Saturday morning I got up early, put on my long johns, dressed quietly, made my lunch, grabbed the dog, slipped quietly into the garage to hook the boat up to the truck, and proceeded to back out into a torrential downpour. There was snow mixed with the rain and the wind was blowing 50 mph. I pulled back into the garage, turned on the radio, and discovered that the weather would be bad throughout the day. I went back into the house, quietly undressed, and slipped back into bed. There I cuddled up to my wife's back, now with a different anticipation, and whispered, "The weather out there is terrible." She sleepily replied, "Can you believe my stupid husband is out fishing in that shit."

BOOM ! ! !

The body builder takes off his shirt and the blonde says, "What a great chest you have!" He tells her, "That's 100 lbs. of dynamite, Baby." He takes off his pants and the blonde says, "What massive Calves you have!" The body builder tells her, "That's 100 lbs. Of dynamite, baby." He then removes his underwear, and the blonde goes running out of the Apartment screaming in fear. The body builder puts his clothes back on and chases after her. He catches up to her and asks why she ran out of the apartment like that.
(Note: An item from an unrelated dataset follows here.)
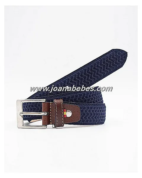 Cinturón confeccionado en serraje en color azul marino. Personalizado con detalles en piel y hebilla metálica. Presenta detalle de la bandera de España en extremo.

The blonde replies, "I didn't want to be around all that dynamite when I saw how short the fuse was !!!!!!

Night At The Bar

"Bartender, gimme 'nother drink, says a very drunk man. "Sorry sir," replies the bartender. "I have to cut you off." "Just gimme another drink." "O.K. I'll make a deal with you. I'll give you another drink and call you a cab. When the cab comes, regardless of whether you're done or not you have to go." "Thass a good deal," the drunk says. He gets his drink and immediately pukes all over his own shirt. "Oh shit, what am I gonna do now? My wife's gonna kill me." "Relax," the bartender says, "give me a five-dollar bill." The bartender folds up the bill and puts it in the guy's shirt pocket. "When you get home, tell your wife you were in the bar and some drunk puked on you and gave you five bucks to have your shirt cleaned." "Thass a great idea!" When the drunk gets home his wife answers the door. "WHERE HAVE YOU BEEN? LOOK AT YOUR SHIRT! WHAT HAPPENED?" He tried to put on his most sober voice and said, "Relaaaax honey, some drunk guy puked on me and gave me five bucks to have my shirt cleaned." The drunk's wife reaches in his pocket, grabs the money, and says, "THERE'S TEN BUCKS HERE!" "Oh yeah, he shit in my pants, too."